In Joyner v. Smith, 132 Ga. 779 (1, 2) ( 65 S.E. 68), it is said: "In an action on a general warranty of title to land against the claims of all persons, an eviction or equivalent disturbance by an outstanding paramount title must be alleged. Although there must be an eviction, or what is equivalent or tantamount to an eviction, it is not always necessary that there should be an actual dispossession of the warrantee. If the paramount title is so asserted that he must presently yield to it, or go out, the warrantee may purchase from the true owner, and this will be considered a sufficient eviction to constitute a breach." See, in this connection, Clements v. Collins, 59 Ga. 124 (1).
We think that the trial judge erred in striking the amendments to the defendant's answer on motion of the plaintiff.
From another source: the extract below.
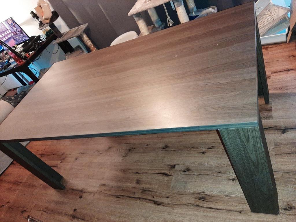Gratis eettafel aangeboden wegens verhuizing. Afmetingen: l180 x b95 x h74,5 cm. Blad is 3 cm dik. De poten zijn demontabel. De poot in de foto is makkelijk te repareren, maar daar heb ik ivm verhuizi
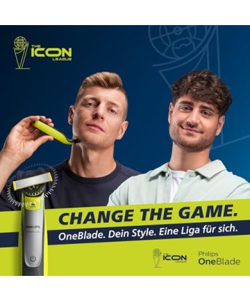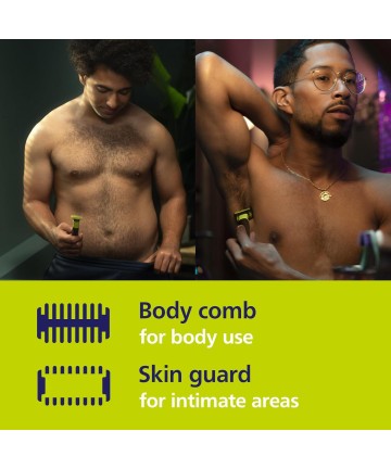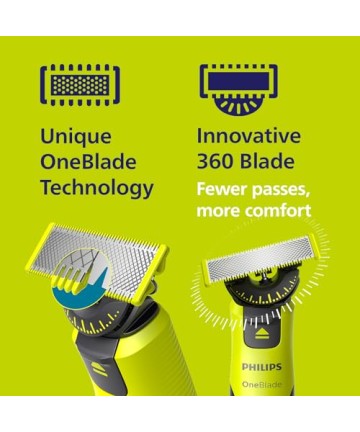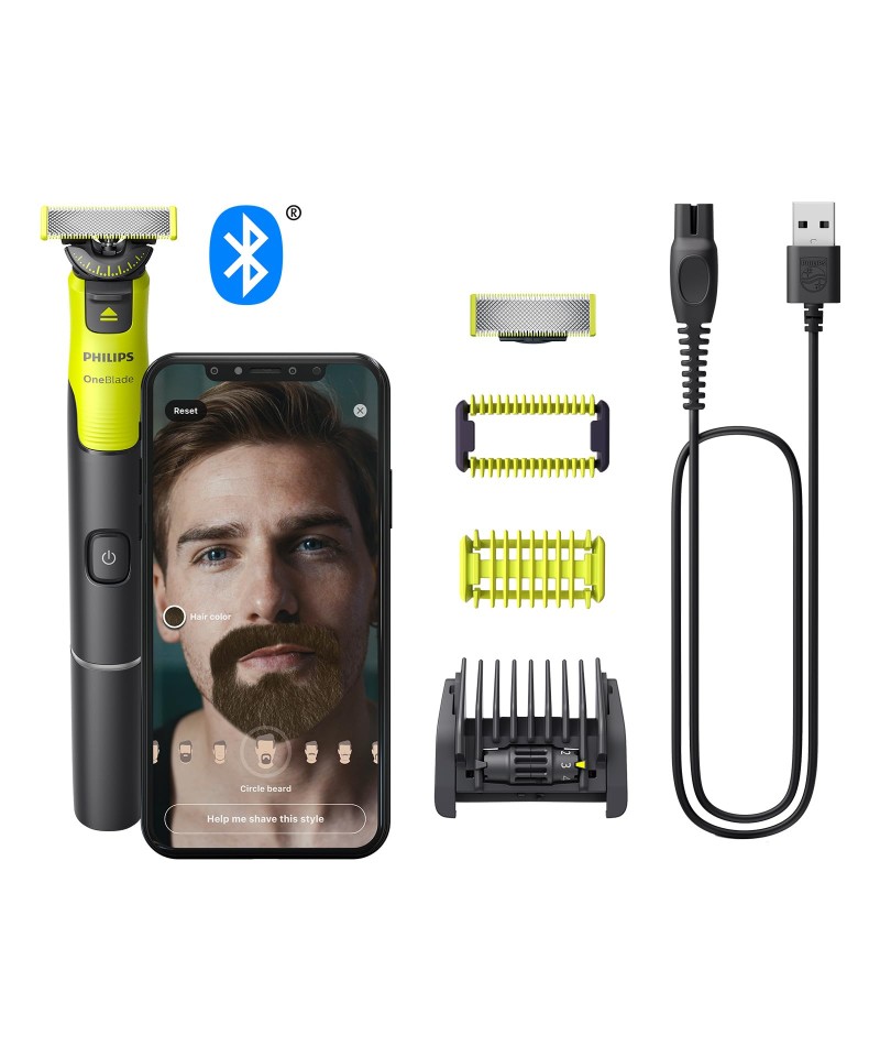 Philips OneBlade 360 Face + Body cu conexiune la aplicație este un aparat de styling hibrid revoluționar care poate tunde, rade și coafa linii și margini curate, indiferent de lungimea părului.

2. The original attachment provides: "James Smith . . says that T. V. DuBois . . is indebted to James Smith in the sum of thirteen hundred sixty dollars 45 cents, principal, with interest at 7 percent per annum from 15 day of Apr. 1942." In the declaration in attachment no mention is made of the interest claimed to be due from DuBois to Smith, but the declaration refers distinctly to the attachment and states that the attachment was returnable to a certain term of the superior court and describes the property upon which the sheriff had levied.
The defendant contends that the trial judge erred in instructing the jury to return a verdict for interest at seven percent from the date of the indebtedness up to the present time if they found the plaintiff entitled to recover. The defendant points out that the declaration makes no reference to the interest, and insists that the charge was not authorized by the pleadings.
In King v. Thompson, 59 Ga. 380 (5), it is said: "A declaration in attachment will be construed in connection with the attachment papers when it refers distinctly to those papers, and such declaration will be held sufficient if the debt be distinctly declared upon, and the attachment papers be described as pending in the court and returnable to a certain term thereof, though no special prayer for judgment be in the declaration."
Construing the declaration in connection with the attachment, on which the declaration is based, we think that the pleadings authorized the instructions of the trial judge relative to the question of interest. Therefore it follows that special ground 2 of the amended motion for new trial is without merit. Merchants Grocery Company v. Albany Hardware Mill Company, supra.
3. Since the errors complained of in special grounds 1, 3, 4, and 5 are not likely to occur in the second trial of this case, they will not be considered; and since the case is being returned to the trial court for another trial, this court will not consider the general grounds of the motion for new trial.
Judgment reversed. Gardner and Townsend, JJ., concur.